Now, a second narrative in which the initial tokenization has those, and then the later webscrape they describe doing on the basis of Reddit external (submitted/outbound) links with a certain number of upvotes omits all links because Reddit admins did site-wide mass deletions of the relevant and that leaves the BPEs ‘orphaned’ with little relevant training material, is more plausible. (As the GPT-2 paper describes it in the section I linked, they downloaded Common Crawl, and then used the live set of Reddit links, presumably Pushshift despite the ‘scraped’ description, to look up entries in CC, so while deleted submissions’ fulltext would still be there in CC, it would be omitted if it had been deleted from Pushshift.)
But there is still little evidence for it, and I still don’t see how it would work, exactly: there are plenty of websites that would refer to ‘gmaxwell’ (such as my own comments in various places like HN), and the only way to starve GPT of all knowledge of the username ‘gmaxwell’ (and thus, presumably the corresponding BPE token) would be to censor all such references—which would be quite tricky, and obviously did not happen if ChatGPT can recite your bio & name.

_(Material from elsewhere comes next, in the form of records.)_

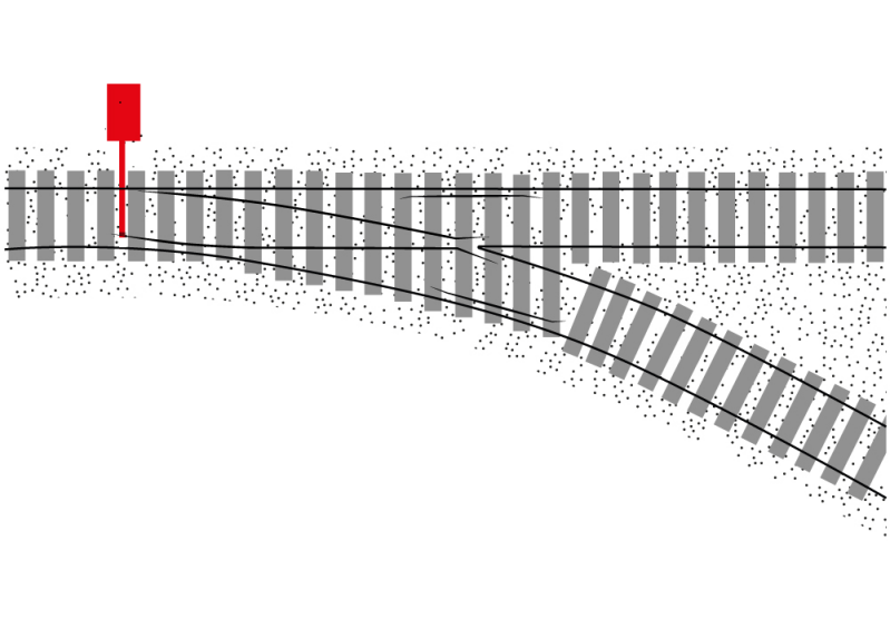 Ainsi, en actionnant la tirette l'aiguillage présente soit la position directe...
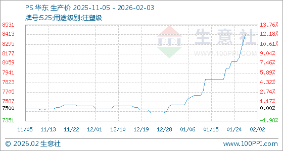2月3日,生意社PS基准价为8433.33元/吨,与本月初持平。
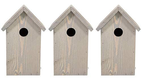 mgc24 Nistkasten – wetterfeste Nisthilfe aus Holz für heimische Wildvögel, 15,5 x 14 x 25 cm, grau, 3 Stück
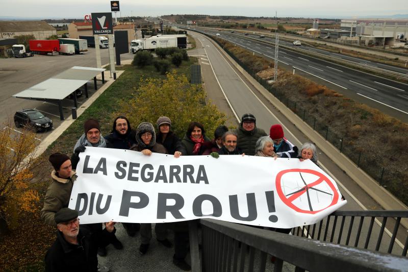 Una trentena de veïns de la Segarra han penjat aquest diumenge diverses pancartes a dos ponts que creuen l'A-2 al seu pas per Fonolleres, al municipi de Granyanella (Segarra), i la Panadella, a Montmaneu (Anoia), per mostrar el seu rebuig a la possible instal·lació de tres parcs eòlics a la comarca, als municipis de Talavera i Ribera d'Ondara. Les pancartes, amb els lemes 'La Segarra diu prou' i 'Renovables sí, però no totes aquí', volen denunciar aquests tres projectes que plantegen la instal·lació de 27 molins de vent, 9 per parc, així com de futurs que puguin afectar la comarca. Ferran Capell, membre de l'Associació Salvem la Ribera d'Ondara considera que aquests "macroprojectes" perjudiquen el paisatge i fan "poc atractiu" el territori.
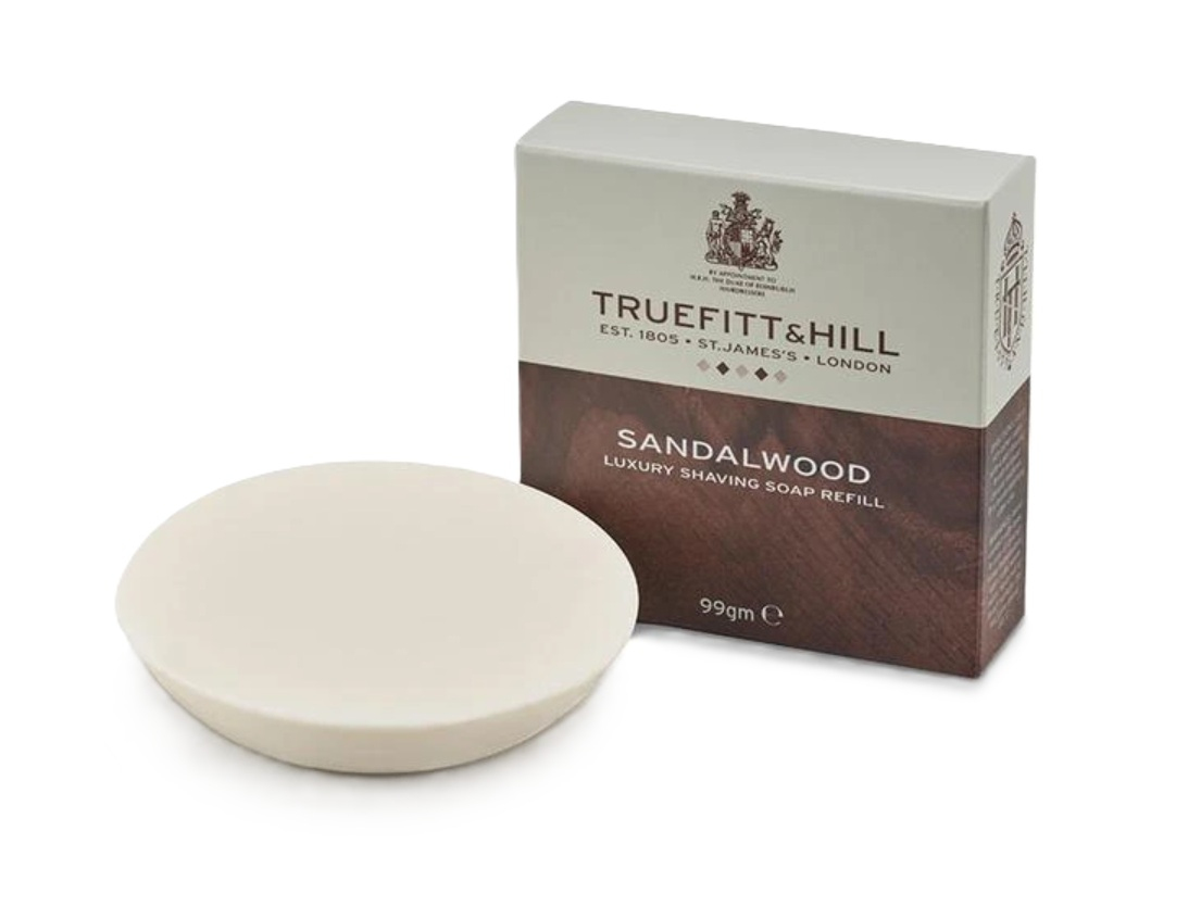 Vůně kombinuje hřejivé santalové dřevo s citronem, cedrem, limetkou, bergamotem a pižmem. Není to těžký, staromódní santal – spíš moderní pojetí, kde dřevité tóny doplňují svěží citrusové akordy. Vůně je příjemná, ale nenápadná, takže nekoliduje s vodou po holení ani parfémem. Mýdlo se hodí i jako náhradní náplň do dřevěné misky Truefitt and Hill. Vyrobeno v Anglii.
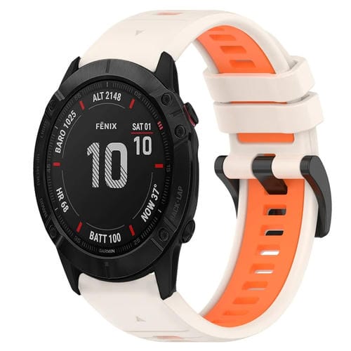 Correa para Garmin Fenix 6X Sapphire 26mm Silicona Deportiva Bicolor (Starlight + Orange)
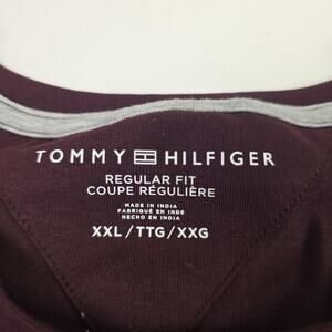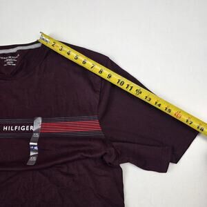 Tommy Hilfiger Shirt Mens 2XL Burgundy Regular Fit Stripe Logo Crewneck Tee
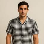 Stay sharp and stylish with this classic black and white checkered Cuban collar shirt. Featuring a timeless gingham pattern, this short-sleeve shirt is crafted from soft, breathable fabric for all-day comfort. Its relaxed fit, button-down front, and open Cuban collar make it perfect for both casual and semi-formal occasions. Pair it with black trousers for a polished look or with jeans/shorts for an easy weekend vibe. A versatile must-have piece that adds a touch of effortless charm to any wardrobe.
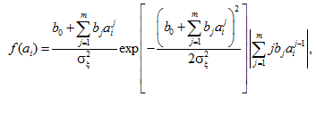 Согласно [24], неизвестные коэффициенты bj определяются с использованием вероятностного подхода из условия минимума дисперсии разности. После определения указанных коэффициентов плотность распределения амплитуды выходного процесса представляется в виде:
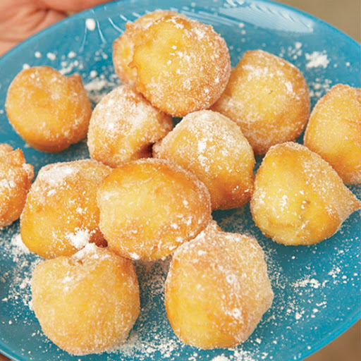 In a saucepan, heat the oil to 375°. Line a baking sheet with paper towels. Scoop 10 scant tablespoons of the dough into the oil and fry, turning, until golden and puffed, 6 minutes. Transfer the beignets to the baking sheet and poke a small hole in the side of each to release steam. Repeat with the remaining dough.
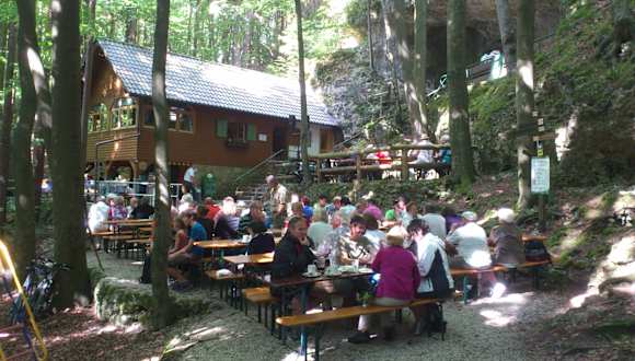 Wie in alten Zeiten! Die Tropfsteinhöhle ist nicht beleuchtet und die Führungen sind mit der Taschenlampe! Eine kleine Höhle mit den gewissen Flair! In der dazugehörigen Waldschänke gibt es auch nur Strom über einen Generator und das Wasser muss noch in Kanister nach oben gebracht werden bzw. es wird zum Kochen nur Mineralwasser verwendet! Es gibt superleckere Brotzeiten sowie Kaffee und Kuchen! Der Biergarten mitten im Wald ist ein Traum! Aber auch bei schlechten Wetter ist es in der Hütte, die mit einen Kachelofen beheizt wird und in der Laternen mit Kerzen für die Beleuchtung sorgen, so richtig gemütlich! Einfach bei jeden Wetter zu empfehlen, für Menschen die den Luxus der Natur schätzen!
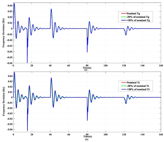 This subsection analyzes the robustness of the proposed FOCC controller against the system parameters’ changes. In this regard, the ±30% variations are applied to Tg and Tt parameters under scenario 1 conditions. Figure 10a,b demonstrates the MG frequency responses attained by the proposed FOCC controller under normal conditions and ±30% reduction in the Tg and Tt parameters, respectively. According to these figures, it can be noted that the responses under normal conditions and considered changes are almost similar. The MAGFD values for this subsection are presented in Table 5. This table reveals that these changes do not significantly impact the MAGFD values using the proposed FOCC controller. Accordingly, the system stays stable.
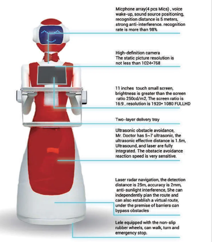 Functions overview: food delivery, welcome reception (optional), explanation, guide, shopping guide, marketing, consultation, entertainment interactive, promotional products, etc.
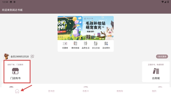 打开阅达书城应用后,在首页不仅能查看会员信息,还能进行门店购书等操作,此外还有毛孩补给站、萌宠食光等活动展示。

And the timeline is weird: it needs some sort of ‘intermediate’ dataset for the BPEs to train on which has the forbidden harassment material which will then be excluded from the ‘final’ training dataset when the list of URLs is compiled from the now-censored Pushshift list of positive-karma non-deleted URLs, but this intermediate dataset doesn’t seem to exist! There is no mention in the GPT-2 paper of running the BPE tokenizer on an intermediate dataset and reusing it on the later training dataset it describes, and I and everyone else had always assumed that the BPE tokenizer had been run on the final training dataset. (The paper doesn’t indicate otherwise, this is the logical workflow since you want your BPE tokenizer to compress your actual training data & not some other dataset, the BPE section comes after the webscrape section in the paper which implies it was done afterwards rather than before on a hidden dataset, and all of the garbage in the BPEs encoding spam or post-processed-HTML-artifacts looks like it was tokenized on the final training dataset rather than some sort of intermediate less-processed dataset.) So if there were some large mass of harassment material using the names ‘gmaxwell’/‘PeterTodd’ which was deleted off Reddit, it does not seem like it should’ve mattered.
I agree there is probably some sort of common cause which accounts for these two BPEs, and it’s different from the ‘counting’ cluster of Reddit names, but not that you’ve identified what it is.